- Born: November 20, 1940 (age 85)
- Occupations: Actress; singer;
- Years active: 1956—1989
- Known for: Days of Our Lives; The United States Steel Hour;

= Bennye Gatteys =

American singer and actress (born 1940)

Bennye Gatteys (born November 20, 1940) is an American singer and actress who appeared in many anthology television series and soap operas.

== Early life ==

Gatteys grew up in Dallas, Texas. The unusual spelling of her first name is because her parents wanted a boy.

At the age of two, she sang in her church's choir. By the age of eight she began studying piano and sought to become a concert pianist.

At age 15, visiting a friend in New York City, she appeared on a game show, Name That Tune, during which she won $19,000 after a series of appearances.

== Career ==

Gatteys' career in musical theater was jump-started when she was discovered at the age of 15 by Broadway producer Kermit Bloomgarden, who cast her in a production of The Diary of Anne Frank as the understudy of Susan Strasberg, who played Anne Frank.

Her first big break in television came at the age of 16, during her appearance in the television anthology series Look Up and Live, in which she co-starred opposite a then-teenaged Warren Beatty.

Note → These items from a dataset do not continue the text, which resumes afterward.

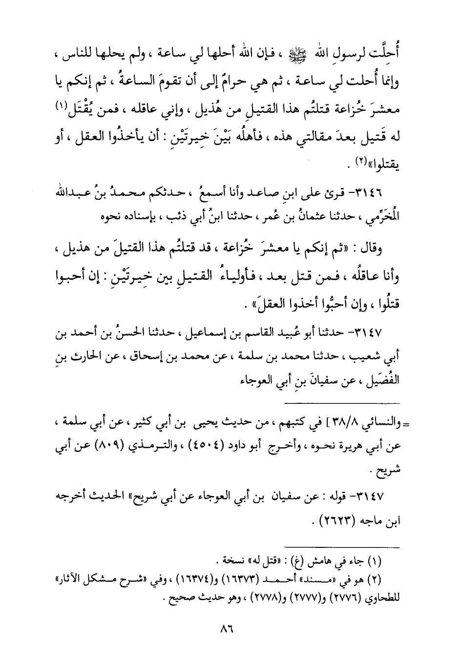 3146 - قُرِئَ عَلَى ابْنِ صَاعِدٍ وَأَنَا أَسْمَعُ , حَدَّثَكُمْ مُحَمَّدُ بْنُ عَبْدِ اللَّهِ الْمَخْزُومِيُّ , نا عُثْمَانُ بْنُ عُمَرَ , نا ابْنُ أَبِي ذِئْبٍ , بِإِسْنَادِهِ نَحْوَهُ وَقَالَ: " §ثُمَّ إِنَّكُمْ يَا مَعْشَرَ خُزَاعَةَ قَدْ قَتَلْتُمْ: هَذَا الْقَتِيلُ مِنْ هُذَيْلٍ , وَأَنَا عَاقِلُهُ , فَمَنْ قُتِلَ بَعْدُ فَأَوْلِيَاءُ الْقَتِيلِ بَيْنَ خِيَرَتَيْنِ , إِنْ أَحَبُّوا قَتَلُوا , وَإِنْ أَحَبُّوا أَخَذُوا الْعَقْلَ "
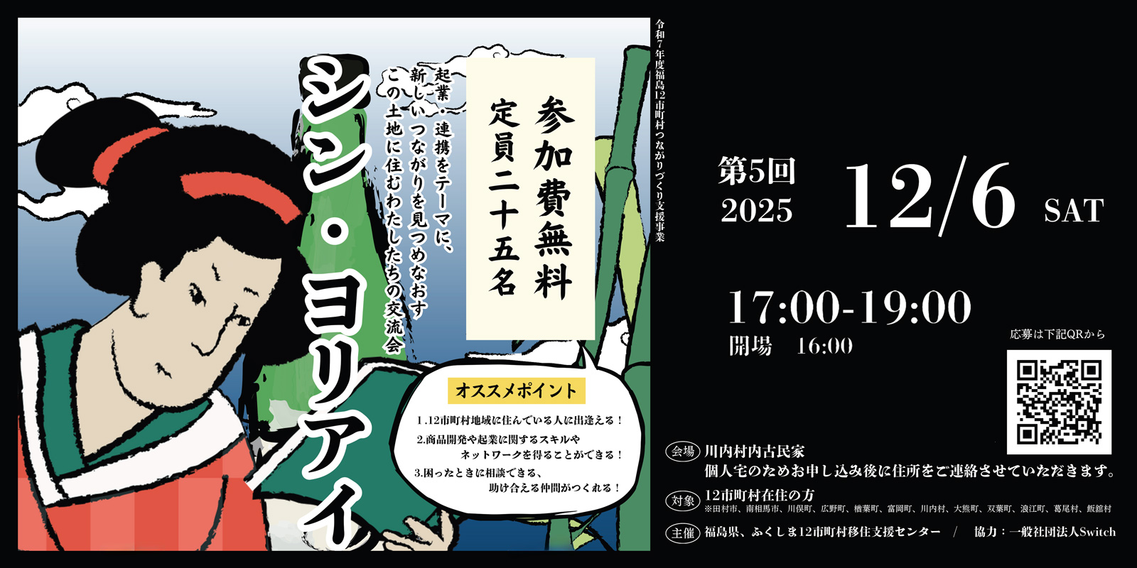 | 9. 主催・協力 | 【主催】福島県・ ふくしま12市町村移住支援センター 【協力】一般社団法人Switch |
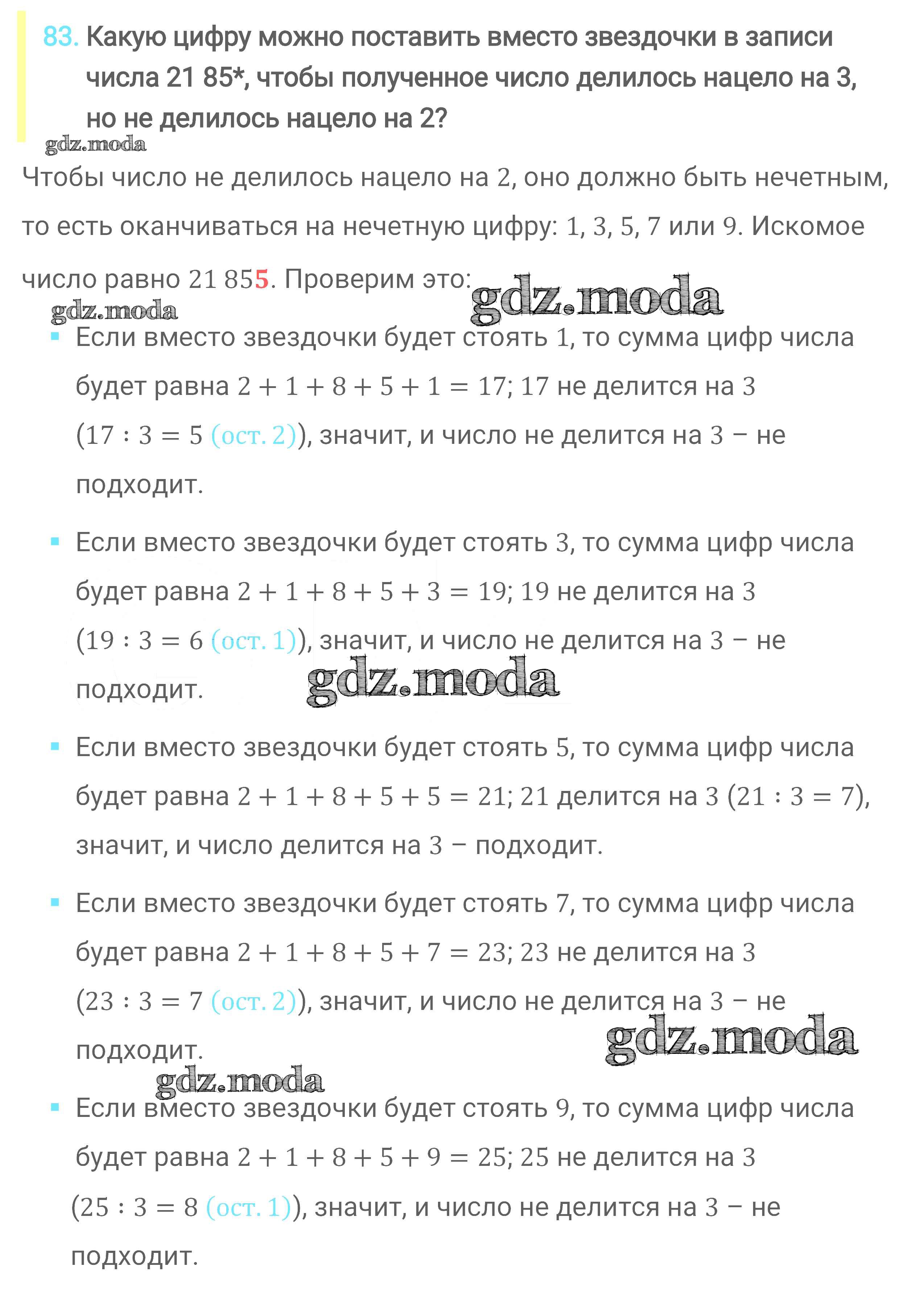 ОТВЕТ на задание № 83 Учебник по Математике 6 класс Мерзляк Алгоритм успеха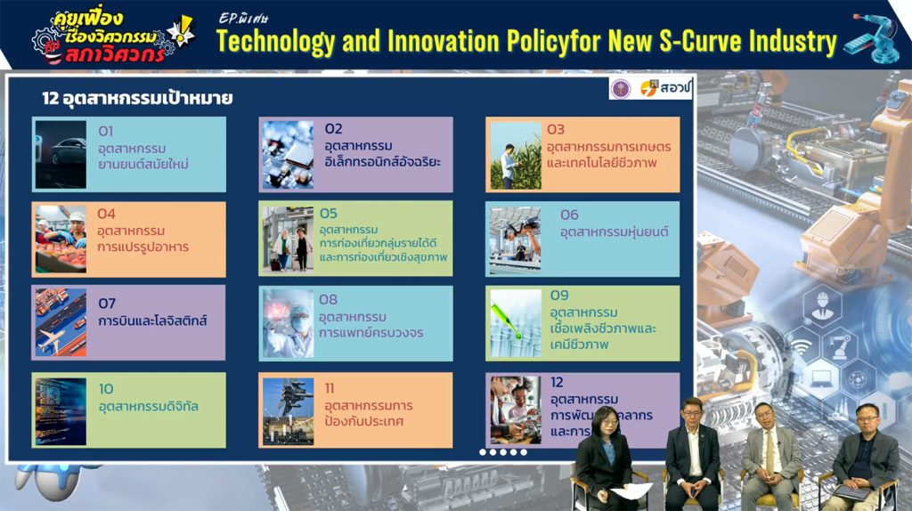 ขณะที่ ดร.กิติพงค์ กล่าวว่า เดิมรัฐบาลสร้าง S-Curve จาก 5 อุตสาหกรรมหลัก ได้แก่ อาหาร ยานยนต์ ท่องเที่ยว เกษตรชีวภาพ อิเล็กทรอนิกส์ แต่ไม่เพียงพอในการยกระดับประเทศ จึงต้องมี New S-Curve อย่าง เซมิคอนดักเตอร์ การแพทย์ขั้นสูง ดิจิทัล และชีวภาพ ซึ่งรัฐบาลได้จัดตั้งกองทุนเพิ่มขีดความสามารถที่บีโอไอเป็นผู้ดูแลแล้ว อย่างไรก็ตาม ผู้ประกอบการไทยยังเผชิญ ข้อจำกัด ทั้งการแข่งขันด้านภาษีและสินค้าจีนที่ทะลักเข้าตลาดโลก สิ่งที่ยังขาดคือ การบริหารจัดการนวัตกรรม และการยกระดับ 6 ด้านหลัก ได้แก่ ตลาด, ผลิตภาพ, นวัตกรรม, คน, ESG และทุน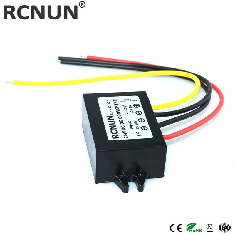 RCNUN 24V 36V 48V 60V to 12V 1A 2A 3A 5A Step-down DC DC Converter 60V-12V Voltage Regulator Buck Car Truck Boat Power Supply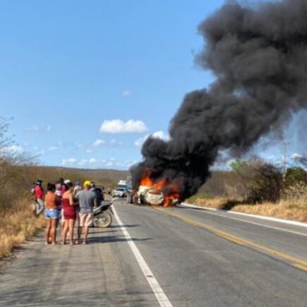 Uma colisão frontal envolvendo um Chevrolet Ônix,. cor prata, prata, placas, PXY 2976-Madalena/CE e uma Mercedes Benz caçamba, cor azul, na BR-020, altura do município de Caridade, provocou as mortes dos 3 ocupantes do automóvel. Segundo a Polícia Rodoviária Federal (PRF), a batida ocorreu no quilômetro 357 e causou um incêndio nos veículos, deixando os ocupantes do carro …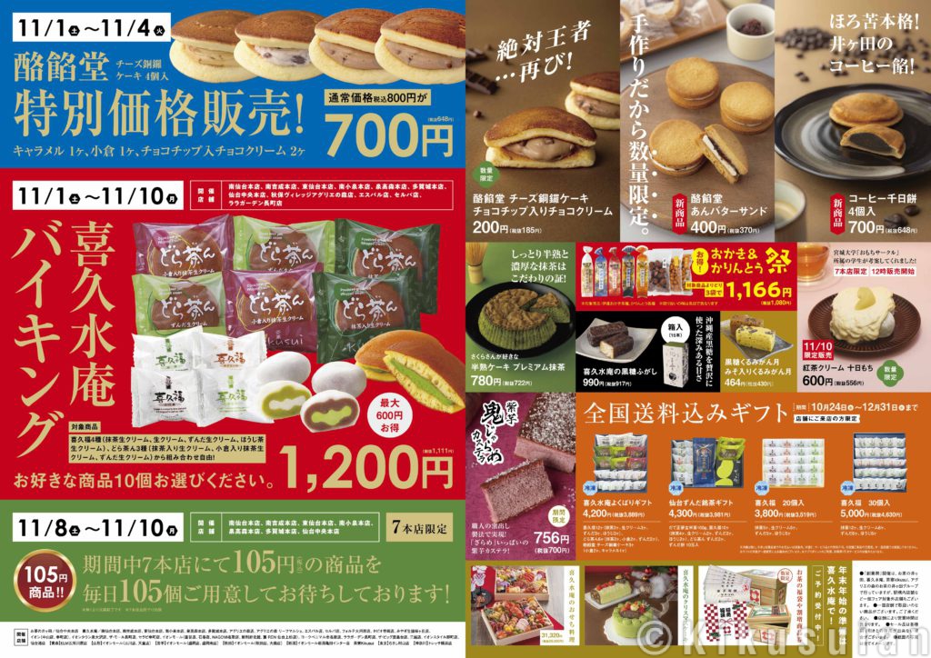 毎年大好評のお茶の増量販売や2割引での販売、喜久福・どら茶んよりどり10個で1200円、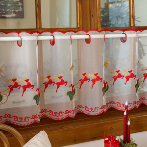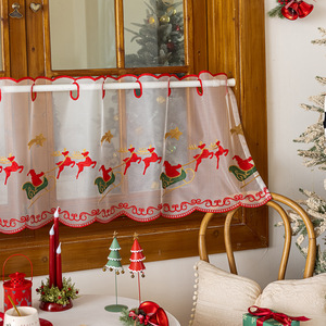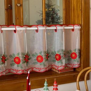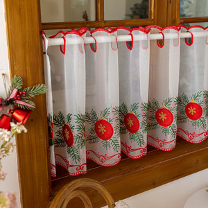 圣诞红色半帘美式门帘咖啡帘半遮光跨境刺绣蕾丝窗帘跨境厂家批发
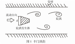 在流体中安放一根(或多跟)非流线型阻流体,流体在阻流体两侧交替地分离释放出两串规则的旋涡,在一定的流量范围内旋涡分离频率正比于管道内的平行流速,在旋涡发生体中装入电容探头或压电探头(检测器)及配置相应电路,即构成了电容检测式涡街流量传感器或压电监测式我姐流量传感器。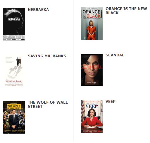 Επίσης επιλέχτηκαν οι σειρές: «The Americans», «Breaking Bad», «Game of Thrones», «The Good Wife», «Mad Men», «Masters of Sex» και το «Scandal and Veep».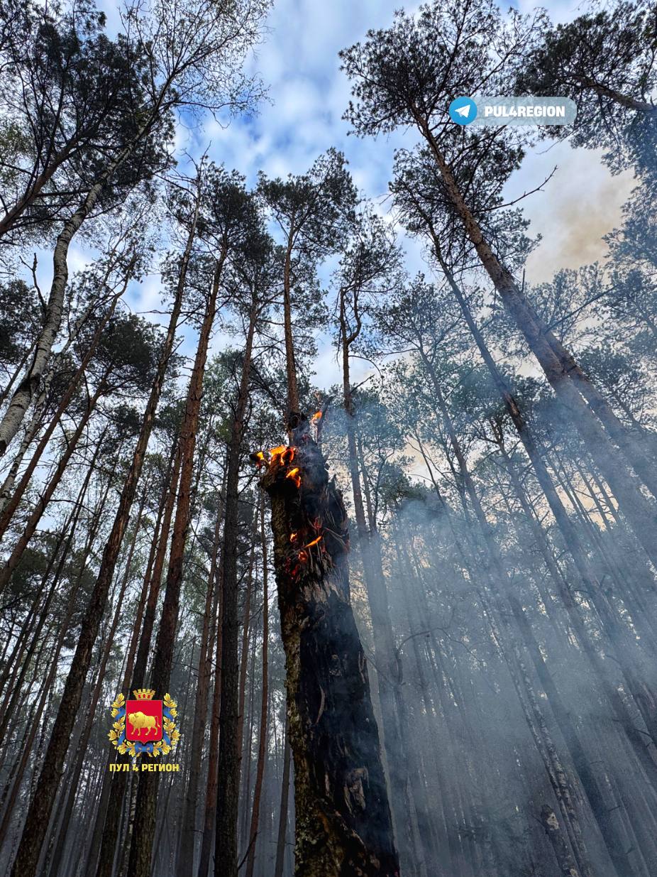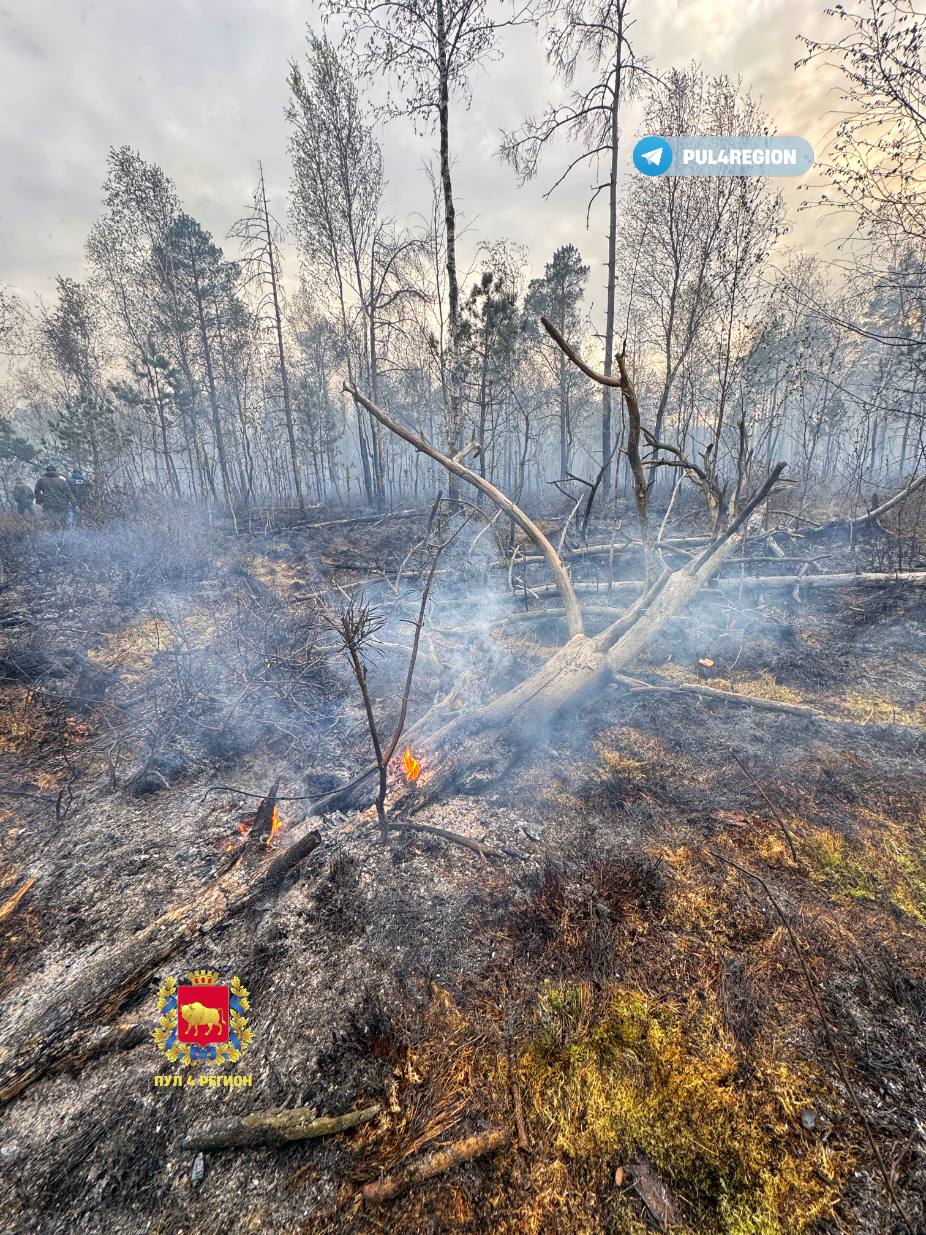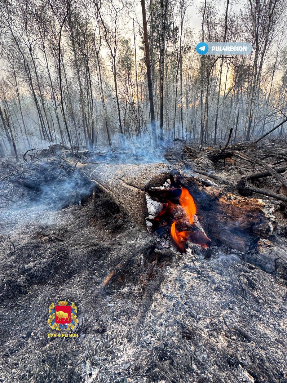 На месте пожара работали 11 единиц техники МЧС и 26 спасателей, а также 25 единиц техники и 100 человек лесхоза.

During the short-lived series, Beatty and Gatteys formed a strong connection; Gatteys recalled Beatty walking her home from rehearsals and shoots and described him as her "big brother, friend, [and] companion". She helped him read for a starring role in the Broadway musical Ohio.

She eventually married a banker from Texas and returned to Dallas for seven years, during which time her career remained dormant. After her divorce, she moved to Los Angeles to restart her acting career in soap operas, including a starring role in Days of Our Lives as Susan Martin.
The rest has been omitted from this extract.